I am trying to integrate together KerasTuner and Mlflow. I'd like to record the loss at each epoch of each trial of Keras Tuner.

My approach is:


class MlflowCallback(tf.keras.callbacks.Callback):
    
    # This function will be called after each epoch.
    def on_epoch_end(self, epoch, logs=None):
        if not logs:
            return
        # Log the metrics from Keras to MLflow     
        mlflow.log_metric("loss", logs["loss"], step=epoch)
    

from kerastuner.tuners import RandomSearch

with mlflow.start_run(run_name="myrun", nested=True) as run:
  
  tuner = RandomSearch(
      train_fn,
      objective='loss',
      max_trials=25, 
  )
  tuner.search(train,
              validation_data=validation, 
              validation_steps=validation_steps,
              steps_per_epoch=steps_per_epoch, 
              epochs=5, 
              callbacks=[MlflowCallback()]
  )

However, the loss values are reported (sequentially) in one single experiment.
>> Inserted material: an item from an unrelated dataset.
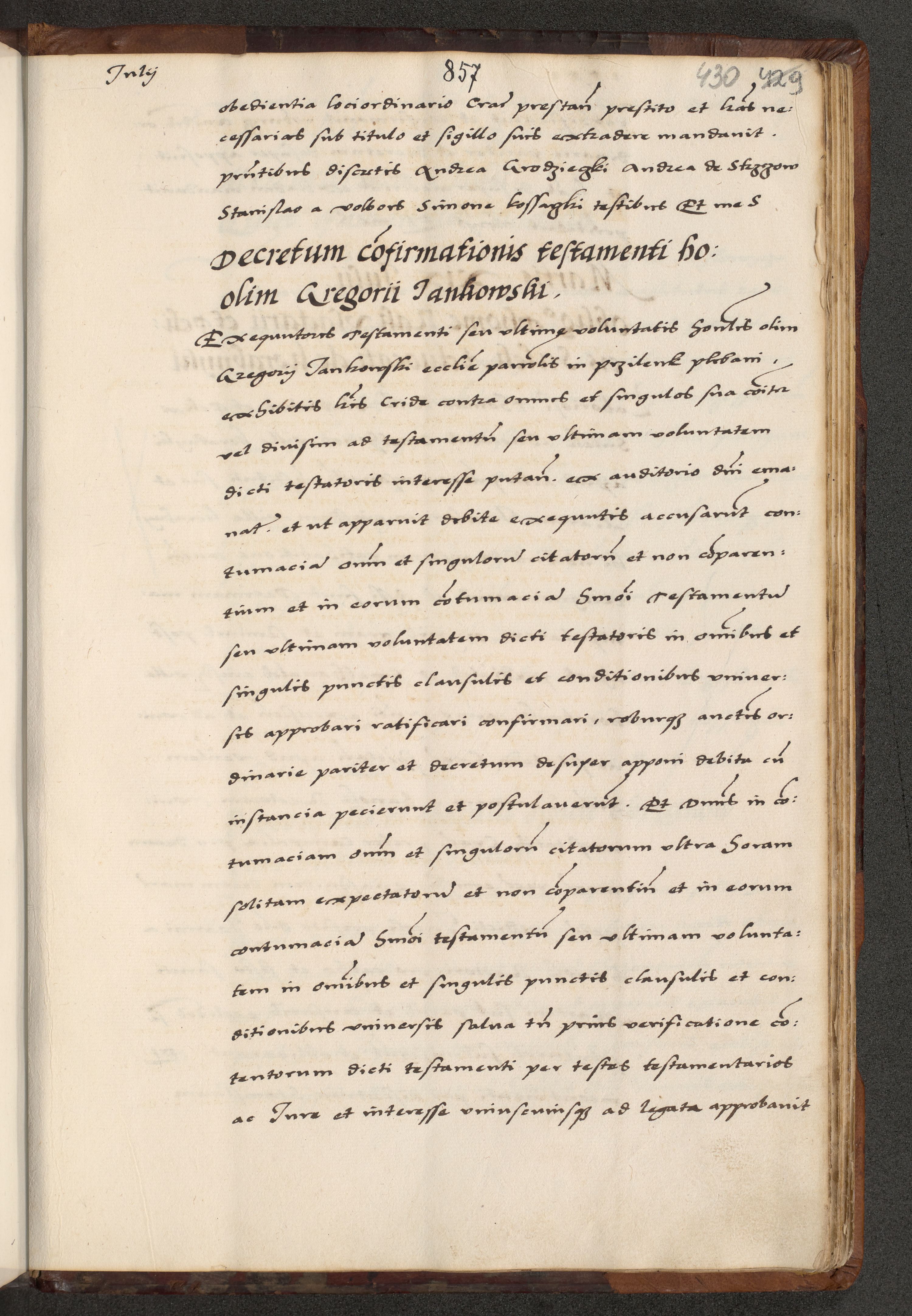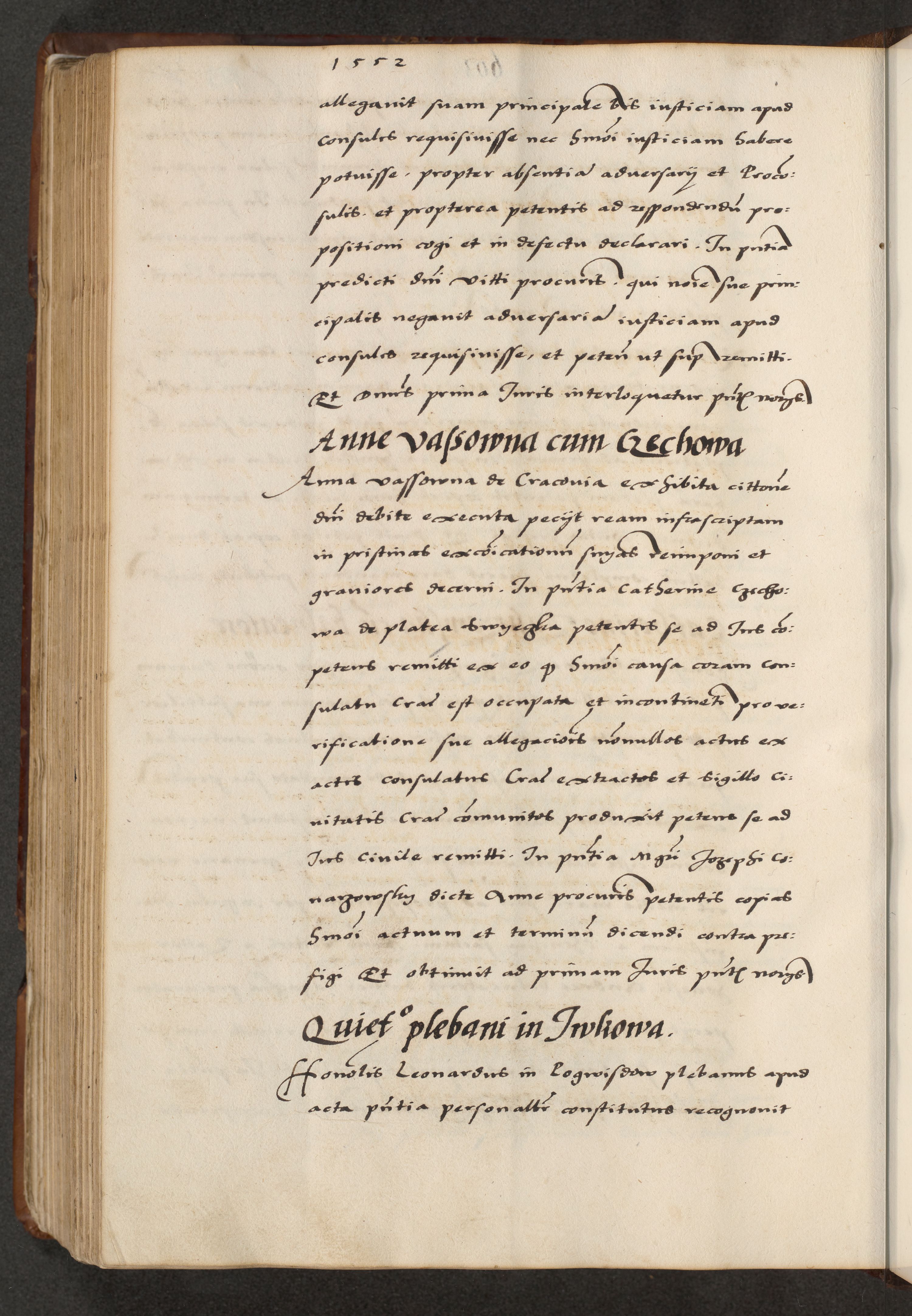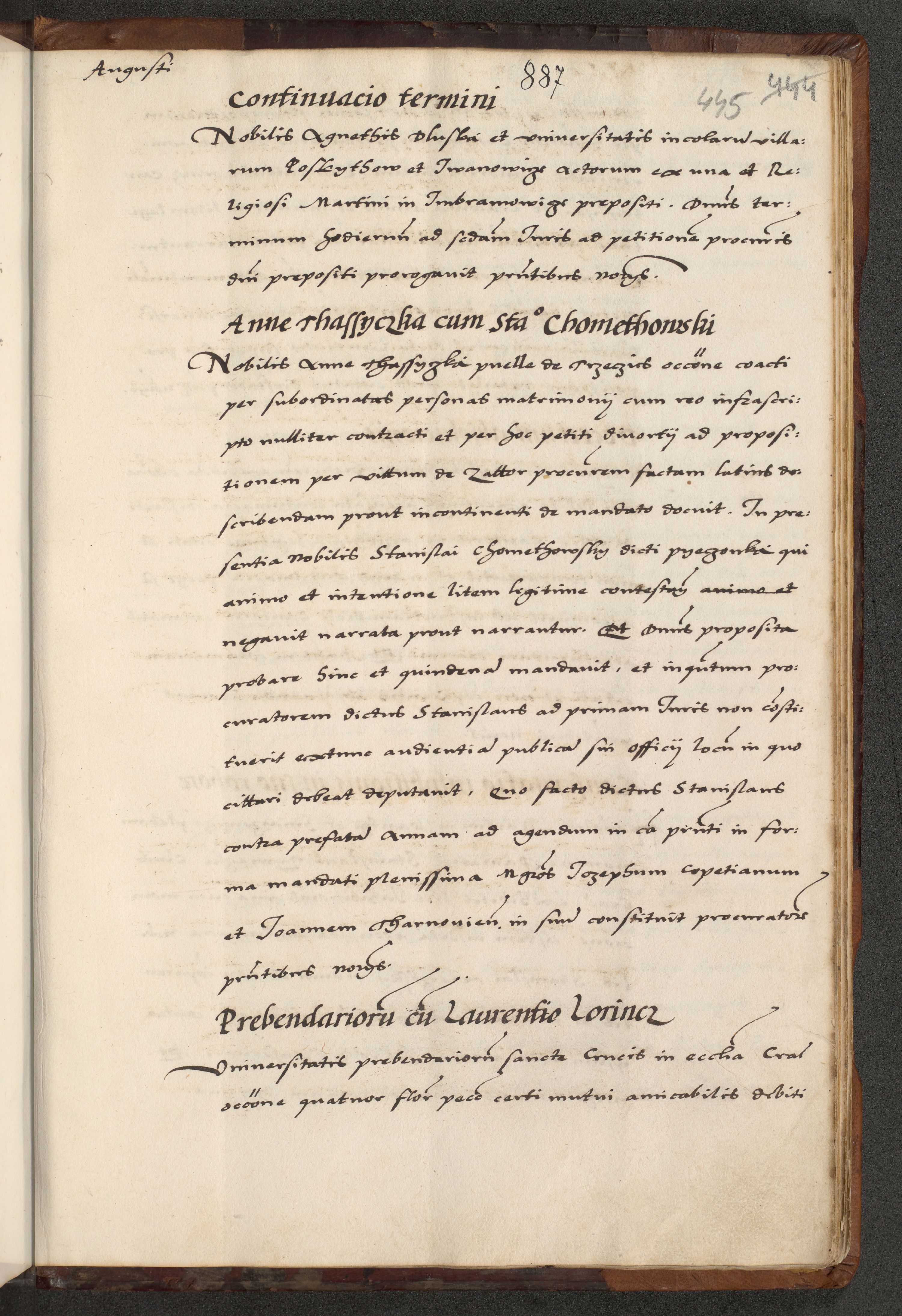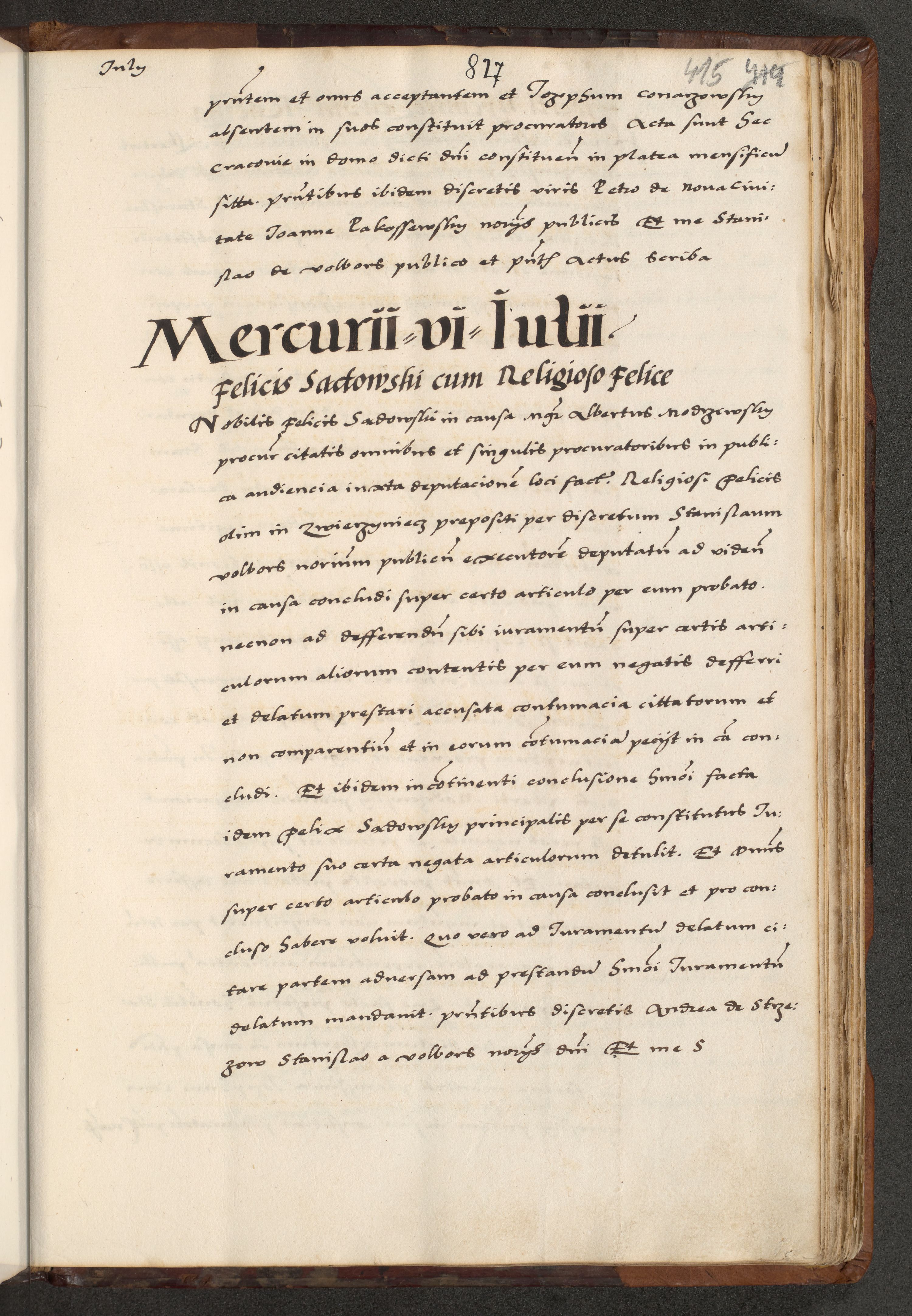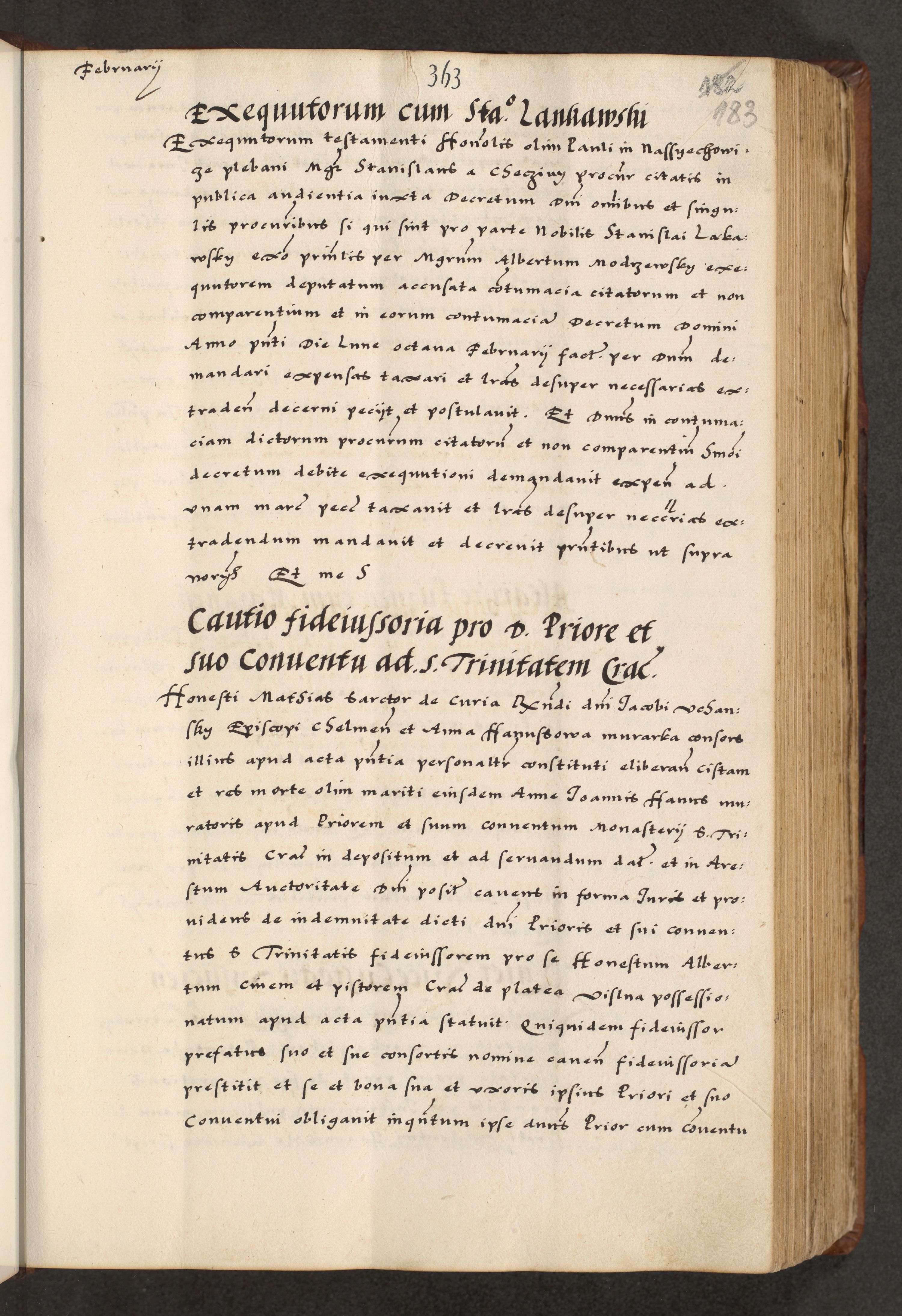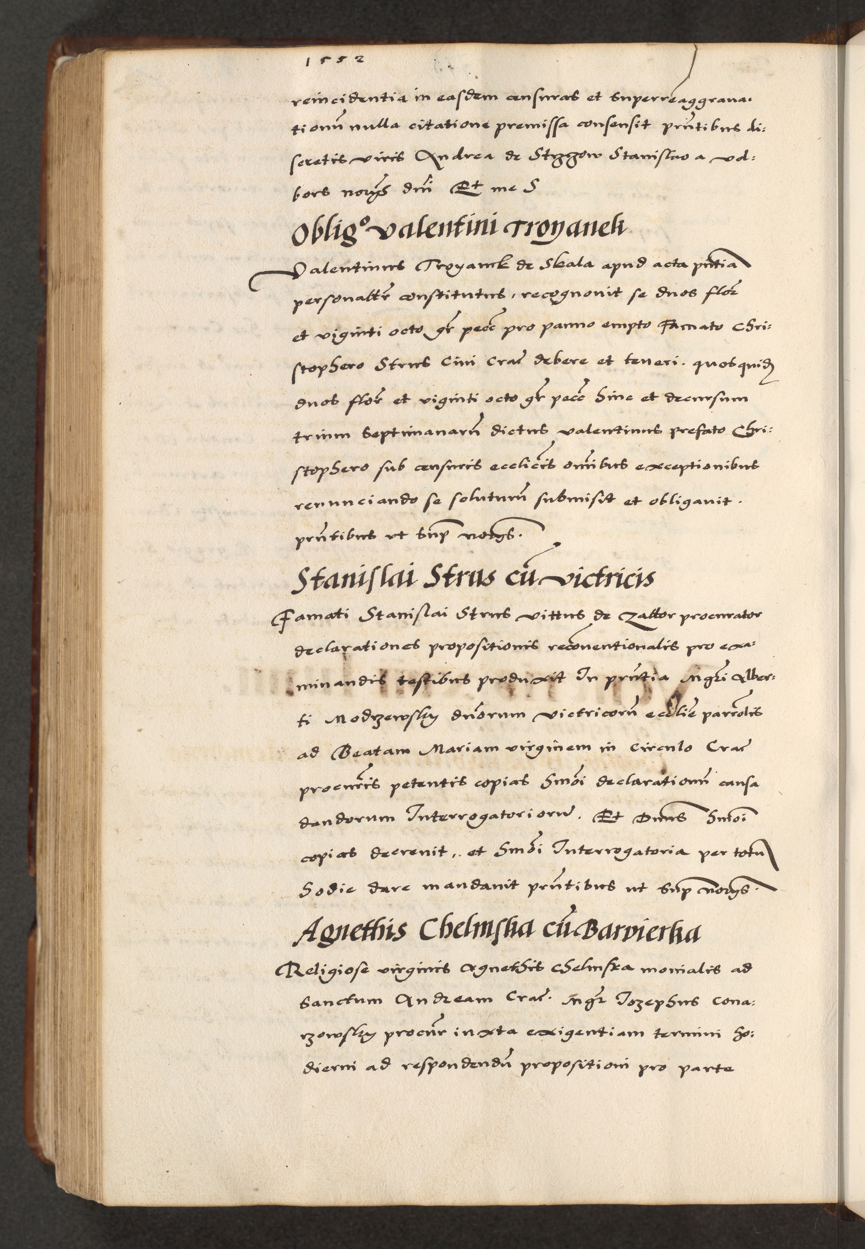 [A]cta actorum causarum, sententiarum tam diffinitivarum quam interloquutoriarum, obligationum, constitutionum et contractuum coram reverendo patre domino Petro Porembski preposito Osvieczimensi, canonico et officiali generali Cracoviensi de anno Domini millesimo quingentesimo quinguagesimo primo, cuius indictio est nona, pontificatus sanctissimi in Christo patris et domini nostri domini Juliii divina providencia pape tercii, anno secundo, a die et mense infrascriptis feliciter continiantur

Is there a way to record them independently? Loss values

Innat
  • 16,113
  • 6
  • 53
  • 101
Titus Pullo
  • 3,751
  • 15
  • 45
  • 65

2 Answers2

0

The line

with `mlflow.start_run(run_name="myrun", nested=True)` as run:

is what's causing that each training is stored in the same experiment. Don't use it and mlflow will automatically create one different experiment for each training performed by the tuner.search

Arturo Moncada-Torres
  • 1,236
  • 14
  • 23
0

The answer is pretty simple, instead of using Callback, you need to subclass the HyperModel from KerasTuner like this:

# Create a HyperModel subclass
class SGNNHyperModel(keras_tuner.HyperModel):

    def build(self, hp):
        # Create your model, set some hyper-parameters here
        model = SomeModel()

        return model

    def fit(self, hp, model, *args, **kwargs):
        with mlflow.start_run():
            mlflow.log_params(hp.values)
            mlflow.tensorflow.autolog()
            return model.fit(*args, **kwargs)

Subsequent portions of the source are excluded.